- Microsoft has introduced a new wellness benefit program, giving employees $1,200 to spend each year.
- Employees can spend it on almost anything, even supplies for hobbies — just not nunchucks.
- Tech companies have had to rethink perks amid the pandemic as remote work increases burnout.
- Visit the Business section of Insider for more stories.
Microsoft just rolled out a new employee-wellness benefit program that lets employees expense as much as $1,200 per year on practically anything to support “physical, mental and emotional, and financial wellbeing” — from student-loan payments to seeds and plants for gardening and cooking classes, Insider has learned.
The new benefit program, called Perks Plus, expands and replaces Microsoft‘s previous Stay Fit wellness program, which let employees expense $800 for health and fitness-related purchases.
Perks Plus, which will roll out to many employees in its 166,000-person workforce across the globe throughout 2021 and early 2022, offers “broad categories of reimbursable items and services that are intended to be relevant, inclusive, and cover a larger range of life/career stages,” according to internal documents reviewed by Insider.

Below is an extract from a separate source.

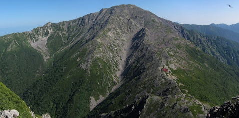 | 西農鳥岳から間ノ岳を望む、赤い屋根は農鳥小屋 |

The program appears to significantly expand the kinds of purchases employees can expense, with notable exceptions including gaming consoles, sailboat berthing, and nonstanding desks. The program even allows employees to expense up to one rocking chair “per year.”
The documents make it clear that Microsoft is focusing on helping to promote positive mental and physical fitness: Bicycles are included, but electric scooters, planes, and other vehicles without a “fitness component” are not, and the rules specifically prohibit expensing guns, bows and arrows, swords, nunchucks, and weaponry in general.
Microsoft did not immediately respond to a request for more information.
The shift to remote work has changed how technology companies offer perks as tech-industry workers report feeling more burned out than before the pandemic, and not having everyone together in offices makes it more difficult to offer traditional workplace benefits. The rules also allow employees to expense a table-tennis setup but not other “table games” like foosball or air hockey.
Google, for example, is known for lavish perks including free food, massages, and on-site gyms at its offices. Early on in the pandemic, the company told employees they could not expense food or other perks such as home-office furniture and fitness subscriptions while working from home. Google has since offered $1,000 toward office furniture and explored new ways to attract employees, including by helping pay off student loans.
In addition to rethinking perks, Microsoft has introduced a more flexible work policy that will be place even after its offices reopen. Microsoft will offer greater flexibility in where and how often employees work, making part-time remote work standard for most employees, according to internal documents viewed by Insider.